YOUR OBJECTIVE: Give all the lines below again, exactly, with no pictures.

GIVEN MATERIAL:
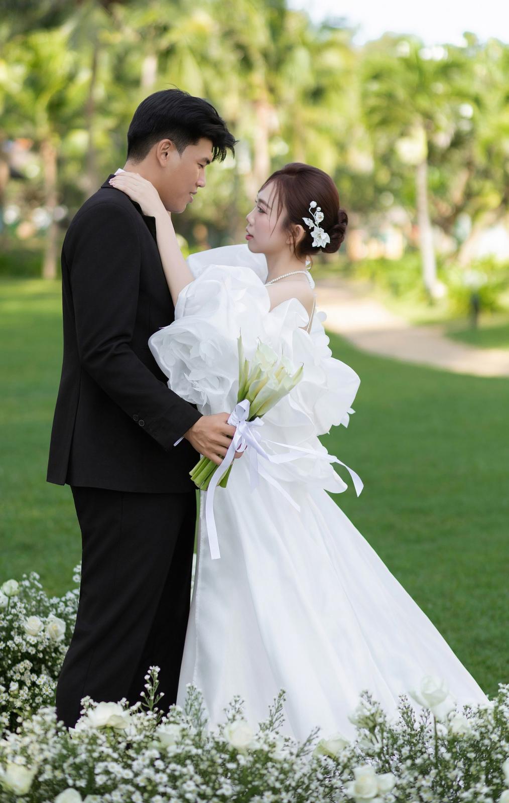 Mỗi bông hoa như một điểm nhấn mềm mại, tạo nên sự nữ tính, bay bổng nhưng không kém phần sang trọng. Đây là lựa chọn hoàn hảo cho nàng dâu yêu thích sự lãng mạn, mong muốn tỏa sáng trong từng khoảnh khắc.
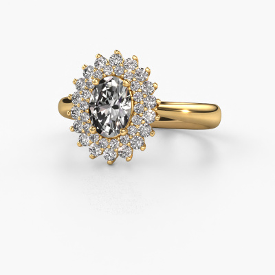 La bague de fiançailles présentée ci-dessus a été nommée Alina 1. Nous appelons ce type de bague de fiançailles une bague entourage, dans laquelle de petites pierres précieuses sont serties autour de la pierre centrale dans un sertissage ouvert. Cette bague de fiançailles forgée en or 14 Carat a un diamant custom ovale de 7x5 mm en guise de pierre centrale qui est aussi entourée de petits diamants. La particularité de cette bague de fiançailles classiques forgée en or jaune est sa forme : les petites pierres précieuses et le diamant custom forment une belle fleur qui semble se fondre en une large pierre précieuse étincelante. Cette bague de fiançailles est aussi appelée la bague de fiançailles fleur ou rosette. Nos maîtres orfèvres veillent à ce que les plus petits diamants soient tous sertis de la même manière, afin que la lumière passant au travers du diamant custom ne soit pas interrompue et qu'une belle unité soit créée. Avec un œil expérimenté et une main habile, chaque diamant custom soigneusement sélectionné est serti dans la bague de fiançailles. Toujours et encore, la bague de fiançailles est examinée sous la lumière pour voir si l'effet spécial désiré est encore visible. Le résultat est une bague de fiançailles unique, où le diamant custom choisi devient littéralement le centre brillants. Quelle bague de fiançailles belle et significative à offrir au centre qui brille dans votre vie ! Vous avez peut-être remarqué que nos prix sont en moyenne inférieurs de 30% à ceux d'un autre bijoutier. Et ce alors que la qualité de nos bijoux est même plus élevée dans la plupart des cas ! En effet, nos orfèvres fabriquent votre bague de fiançailles directement dans notre propre atelier. Cela signifie que nous n'avons pas à inclure des frais de stocks coûteux et que nous pouvons travailler n'importe quel détail directement sur votre bague de fiançailles.Notre équipe de designers talentueux et passionnés ajoute chaque jour de nouveaux modèles bague de fiançailles à notre collection en ligne. Notre objectif est de pouvoir vous offrir une grande variété de bijoux. N'hésitez pas à demander un devis si vous avez des souhaits spécifiques pour votre bague de fiançailles. Nous garantissons de vous faire une offre que vous ne pourrez pas refuser.Pour vous faciliter la tâche, vous pouvez facilement nous retourner tout bijou commandé dans les 30 jours suivant la livraison.
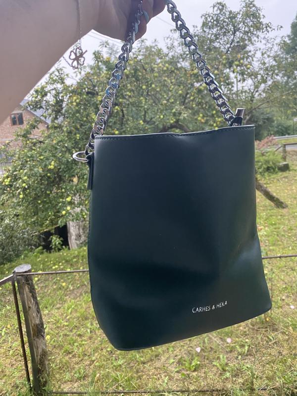 Колір хакі. Нова. Цепочка як маленька ручка. На плече є широка тканева. Кріплення по боках. 3 відділення. Нова
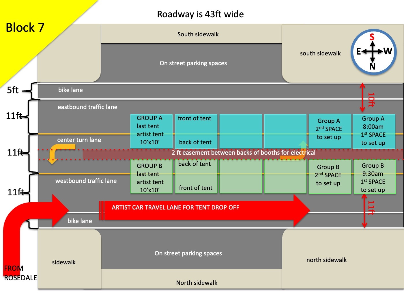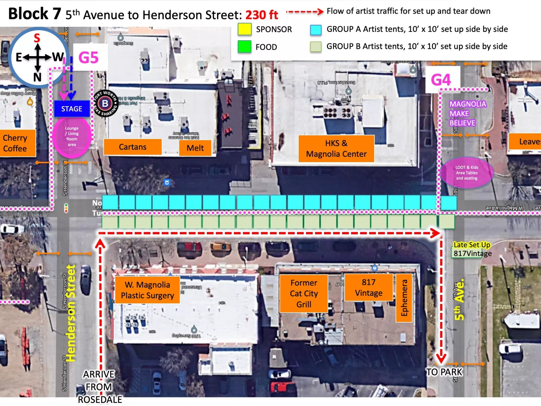 Because of the high volume of car traffic set up will entail, we will be staggering the ARTIST ARRIVAL TIMES in two groups. Please understand that despite your arrival time or your arrival order SPONSOR AND FOOD TENTS have a guarantee to the endcaps they are promised and as they are shown on the map. That means that if a sponsor tent is a bit behind in setting up they will still have the ability to set up on the ends. Please refer to your maps accordingly.

RESPONSE AREA:
 Mỗi bông hoa như một điểm nhấn mềm mại, tạo nên sự nữ tính, bay bổng nhưng không kém phần sang trọng. Đây là lựa chọn hoàn hảo cho nàng dâu yêu thích sự lãng mạn, mong muốn tỏa sáng trong từng khoảnh khắc.
 La bague de fiançailles présentée ci-dessus a été nommée Alina 1. Nous appelons ce type de bague de fiançailles une bague entourage, dans laquelle de petites pierres précieuses sont serties autour de la pierre centrale dans un sertissage ouvert. Cette bague de fiançailles forgée en or 14 Carat a un diamant custom ovale de 7x5 mm en guise de pierre centrale qui est aussi entourée de petits diamants. La particularité de cette bague de fiançailles classiques forgée en or jaune est sa forme : les petites pierres précieuses et le diamant custom forment une belle fleur qui semble se fondre en une large pierre précieuse étincelante. Cette bague de fiançailles est aussi appelée la bague de fiançailles fleur ou rosette. Nos maîtres orfèvres veillent à ce que les plus petits diamants soient tous sertis de la même manière, afin que la lumière passant au travers du diamant custom ne soit pas interrompue et qu'une belle unité soit créée. Avec un œil expérimenté et une main habile, chaque diamant custom soigneusement sélectionné est serti dans la bague de fiançailles. Toujours et encore, la bague de fiançailles est examinée sous la lumière pour voir si l'effet spécial désiré est encore visible. Le résultat est une bague de fiançailles unique, où le diamant custom choisi devient littéralement le centre brillants. Quelle bague de fiançailles belle et significative à offrir au centre qui brille dans votre vie ! Vous avez peut-être remarqué que nos prix sont en moyenne inférieurs de 30% à ceux d'un autre bijoutier. Et ce alors que la qualité de nos bijoux est même plus élevée dans la plupart des cas ! En effet, nos orfèvres fabriquent votre bague de fiançailles directement dans notre propre atelier. Cela signifie que nous n'avons pas à inclure des frais de stocks coûteux et que nous pouvons travailler n'importe quel détail directement sur votre bague de fiançailles.Notre équipe de designers talentueux et passionnés ajoute chaque jour de nouveaux modèles bague de fiançailles à notre collection en ligne. Notre objectif est de pouvoir vous offrir une grande variété de bijoux. N'hésitez pas à demander un devis si vous avez des souhaits spécifiques pour votre bague de fiançailles. Nous garantissons de vous faire une offre que vous ne pourrez pas refuser.Pour vous faciliter la tâche, vous pouvez facilement nous retourner tout bijou commandé dans les 30 jours suivant la livraison.
 Колір хакі. Нова. Цепочка як маленька ручка. На плече є широка тканева. Кріплення по боках. 3 відділення. Нова
 Because of the high volume of car traffic set up will entail, we will be staggering the ARTIST ARRIVAL TIMES in two groups. Please understand that despite your arrival time or your arrival order SPONSOR AND FOOD TENTS have a guarantee to the endcaps they are promised and as they are shown on the map. That means that if a sponsor tent is a bit behind in setting up they will still have the ability to set up on the ends. Please refer to your maps accordingly.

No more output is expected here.